» BRIEF
Leave the pictures out and give every entry again exactly.

___ TASK DATA

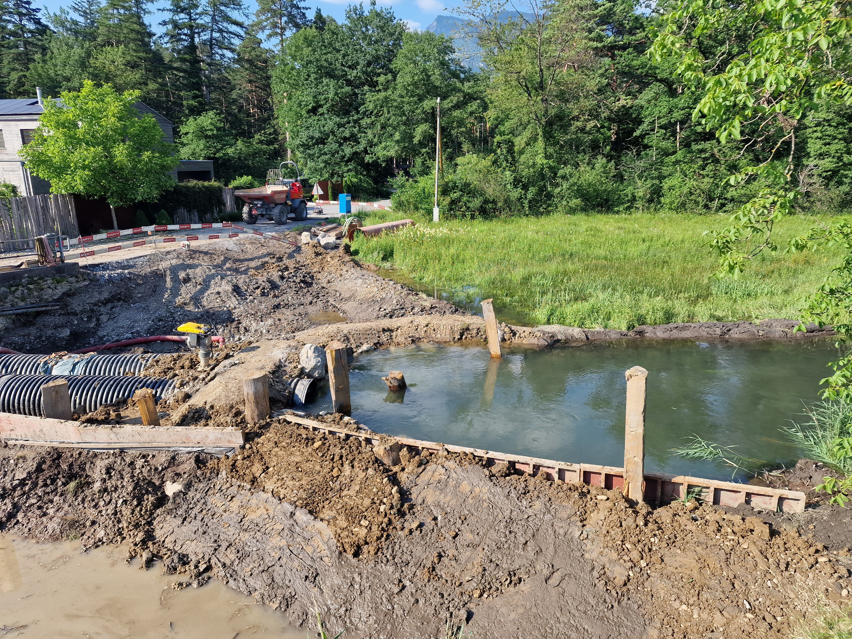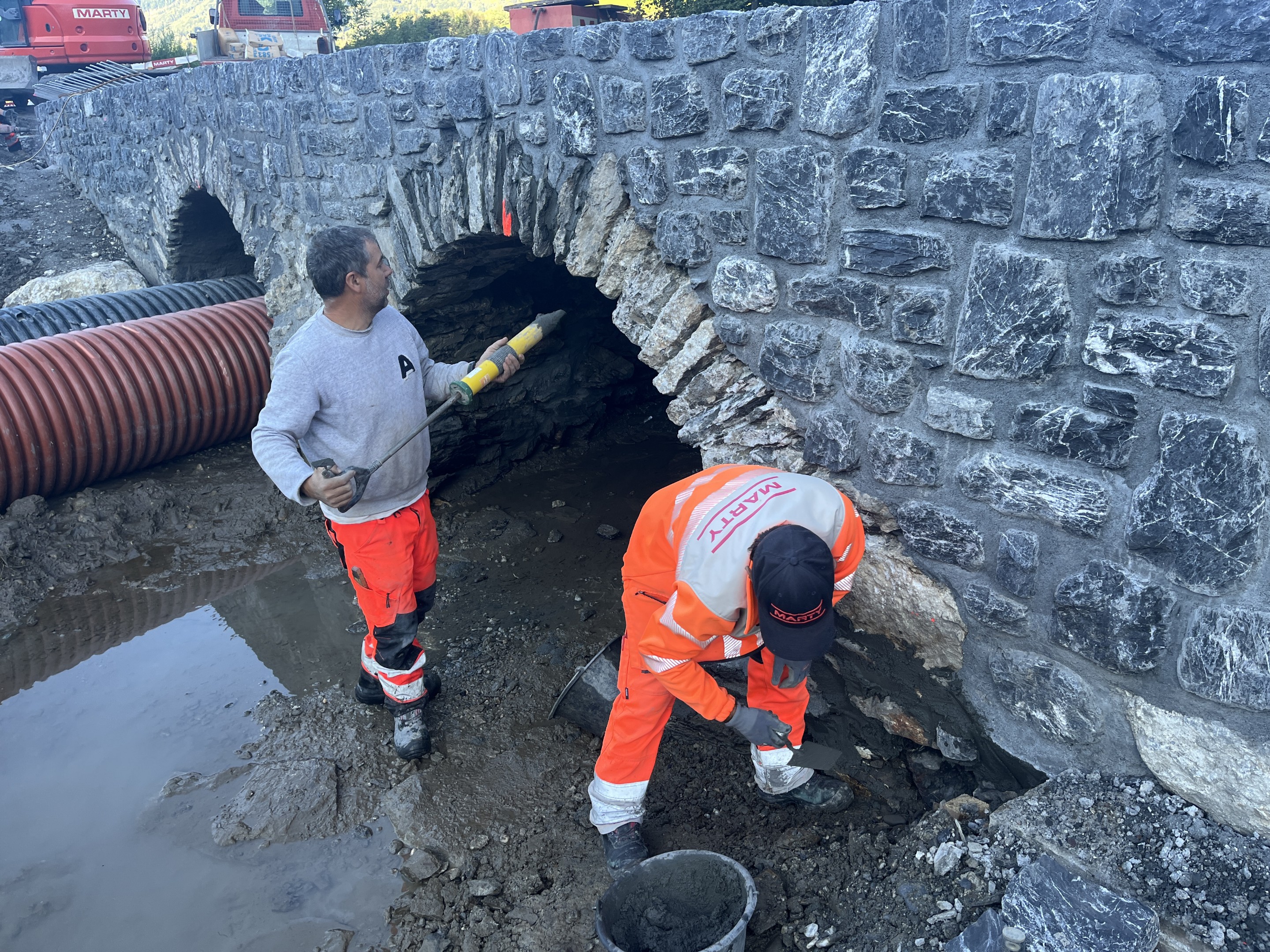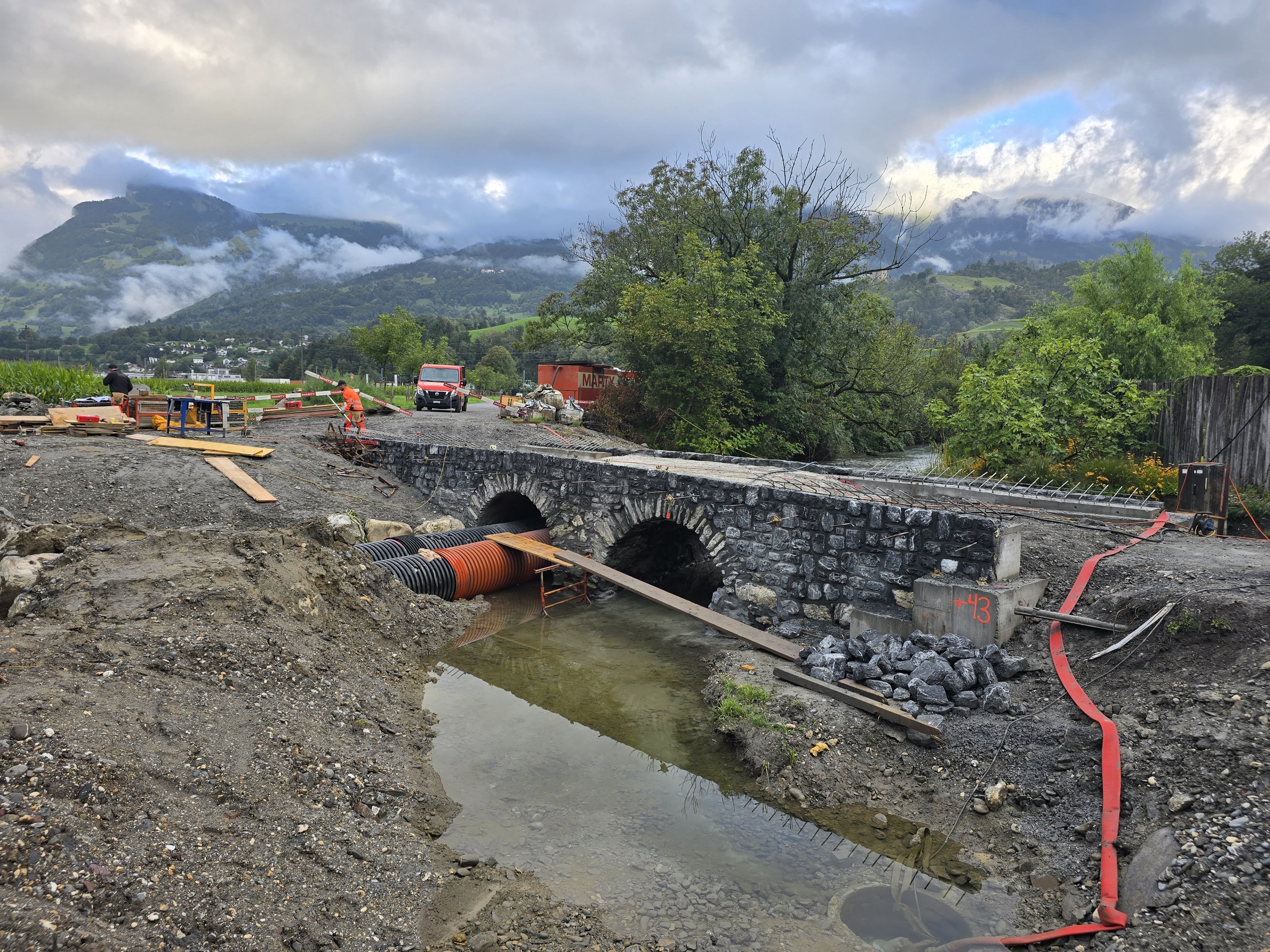 Die Neumülibrücke, eine rund 15m lange, zweifeldrige Natursteinbogenbrücke mit einer Bogenspannweite von 3m, wurde im Zuge der umfassenden Instandsetzungsmassnahmen in den Rheinauen Wartau saniert. Die Brücke zeigte erhebliche bauliche Mängel, insbesondere im Bereich der Widerlager und Flügelmauern, die eine vollständige Sanierung erforderlich machten. Im Zuge der Brückensanierung wurden die an der Brücke aufgehängten Werkleitungen in einem konventionellen Graben unterhalb der Bachsohle verlegt.
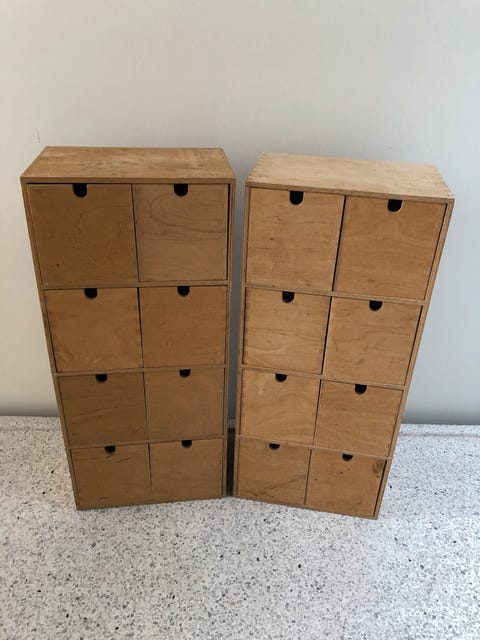 2 små skabe med skuffe.
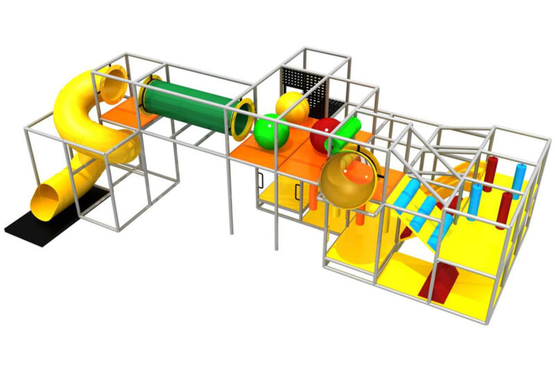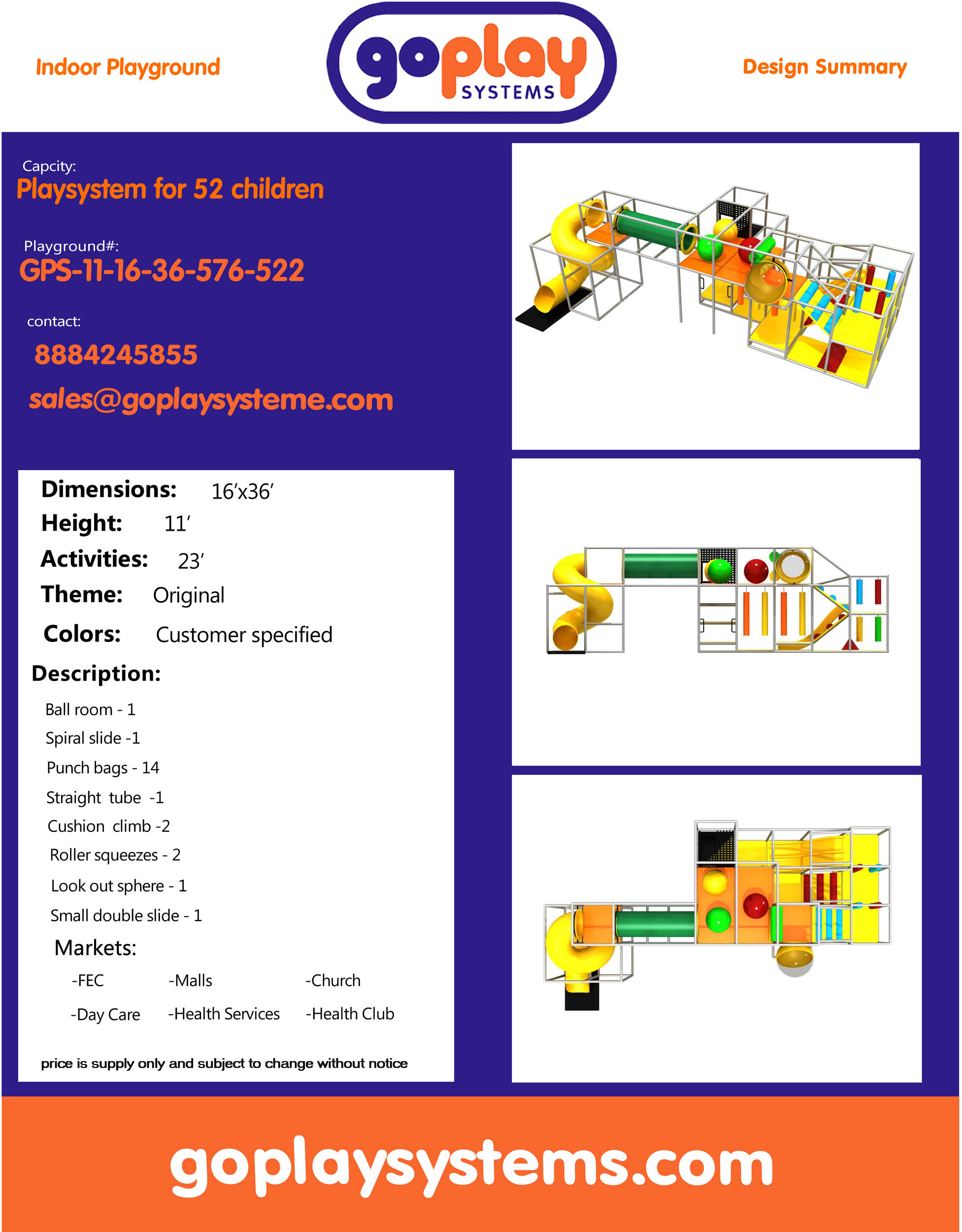 O parque infantil coberto GPS522 é um sistema de recreação coberto personalizado para crianças de três a doze anos. A unidade de recreação com piso macio mede 4,8 m de largura por 3,3 m de altura e 11,8 m de comprimento. O espaço mínimo necessário para este equipamento de recreação infantil é de aproximadamente 6,7 m de largura, 4,9 m de altura e 13,8 m de comprimento. Parque infantil coberto de tamanho médio.
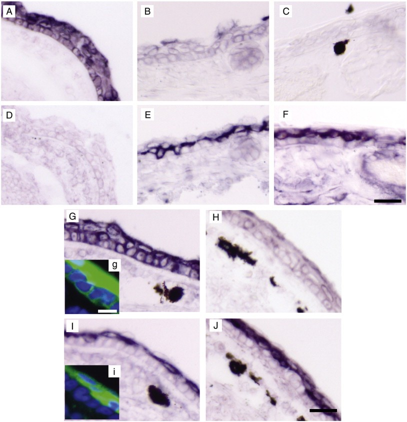 Fig. 3. Reprogramming of the skin in cross sections of the limb. In situ hybridization with A, B, C, G, H) tadpole keratin; D, E, F, I, J) adult keratin. Immunocytology with antibodies against (g) tadpole keratin; (i) adult keratin. Keratin is green and Dapi is blue. (A, D) NF55; (B, E) NF59; (C, F) adult frog; (G, g, I, i) NF55 treated with 10 nM T3 for 3 days; (H, J) NF55 treated with 10 nM T3 for 6 days. (g) Scale bar for g and i = 10 μm; for the in situ hybridization panels = 20 μm). |
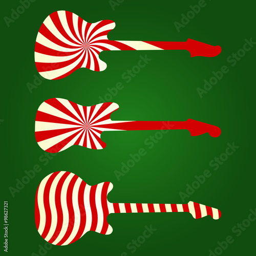 © funkyplayer, Fototapeta premium Holiday concept guitar silhouettes. Peppermint candy color guitar collection on green background. Vector illustration
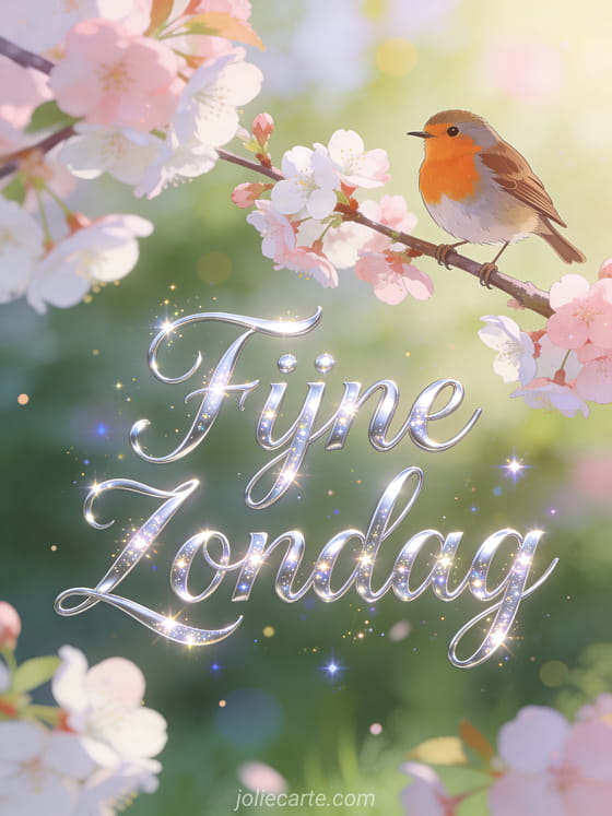 Stuur een charmante fijne zondag gif met een roodborstje gezeten op een bloeiende kersenboomtak in de lente. Ontdek ook een fijne zondag kusjes kaart.
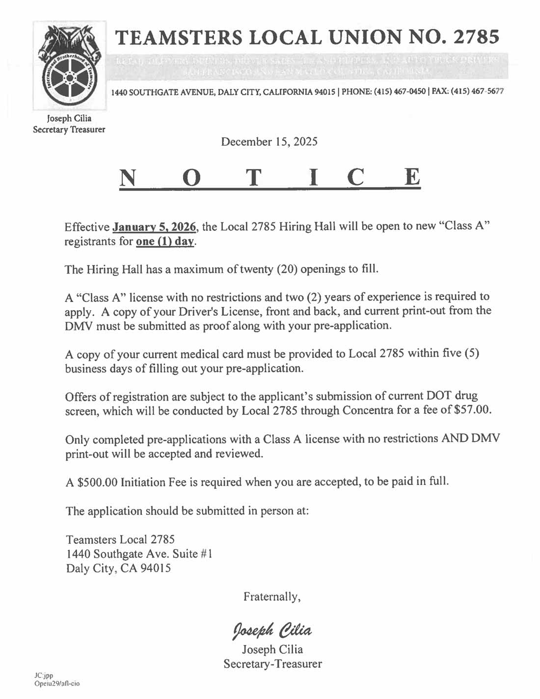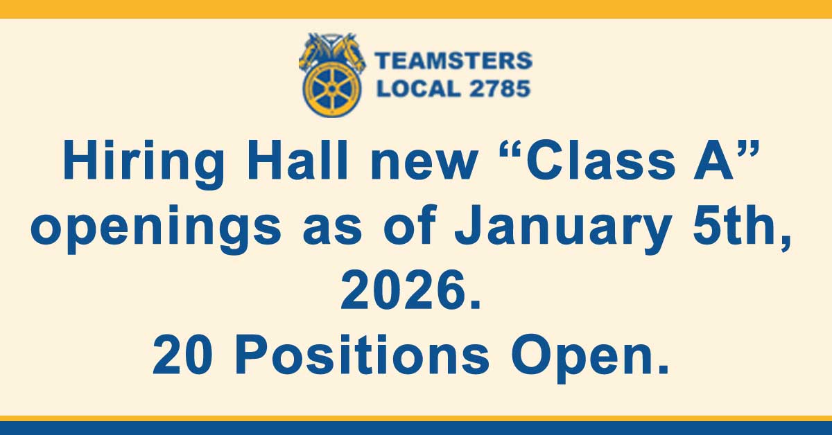 Hiring Hall new Class A positions open View Larger Image admin27852025-12-30T17:38:01+00:00December 30th, 2025|Categories: Event, News, Top Blog| Share This Event! FacebookTwitterLinkedInPinterestEmail

______

» EXERCISE ANSWER
 Die Neumülibrücke, eine rund 15m lange, zweifeldrige Natursteinbogenbrücke mit einer Bogenspannweite von 3m, wurde im Zuge der umfassenden Instandsetzungsmassnahmen in den Rheinauen Wartau saniert. Die Brücke zeigte erhebliche bauliche Mängel, insbesondere im Bereich der Widerlager und Flügelmauern, die eine vollständige Sanierung erforderlich machten. Im Zuge der Brückensanierung wurden die an der Brücke aufgehängten Werkleitungen in einem konventionellen Graben unterhalb der Bachsohle verlegt.
 2 små skabe med skuffe.
 O parque infantil coberto GPS522 é um sistema de recreação coberto personalizado para crianças de três a doze anos. A unidade de recreação com piso macio mede 4,8 m de largura por 3,3 m de altura e 11,8 m de comprimento. O espaço mínimo necessário para este equipamento de recreação infantil é de aproximadamente 6,7 m de largura, 4,9 m de altura e 13,8 m de comprimento. Parque infantil coberto de tamanho médio.
 Fig. 3. Reprogramming of the skin in cross sections of the limb. In situ hybridization with A, B, C, G, H) tadpole keratin; D, E, F, I, J) adult keratin. Immunocytology with antibodies against (g) tadpole keratin; (i) adult keratin. Keratin is green and Dapi is blue. (A, D) NF55; (B, E) NF59; (C, F) adult frog; (G, g, I, i) NF55 treated with 10 nM T3 for 3 days; (H, J) NF55 treated with 10 nM T3 for 6 days. (g) Scale bar for g and i = 10 μm; for the in situ hybridization panels = 20 μm). |
 © funkyplayer, Fototapeta premium Holiday concept guitar silhouettes. Peppermint candy color guitar collection on green background. Vector illustration
 Stuur een charmante fijne zondag gif met een roodborstje gezeten op een bloeiende kersenboomtak in de lente. Ontdek ook een fijne zondag kusjes kaart.
 Hiring Hall new Class A positions open View Larger Image admin27852025-12-30T17:38:01+00:00December 30th, 2025|Categories: Event, News, Top Blog| Share This Event! FacebookTwitterLinkedInPinterestEmail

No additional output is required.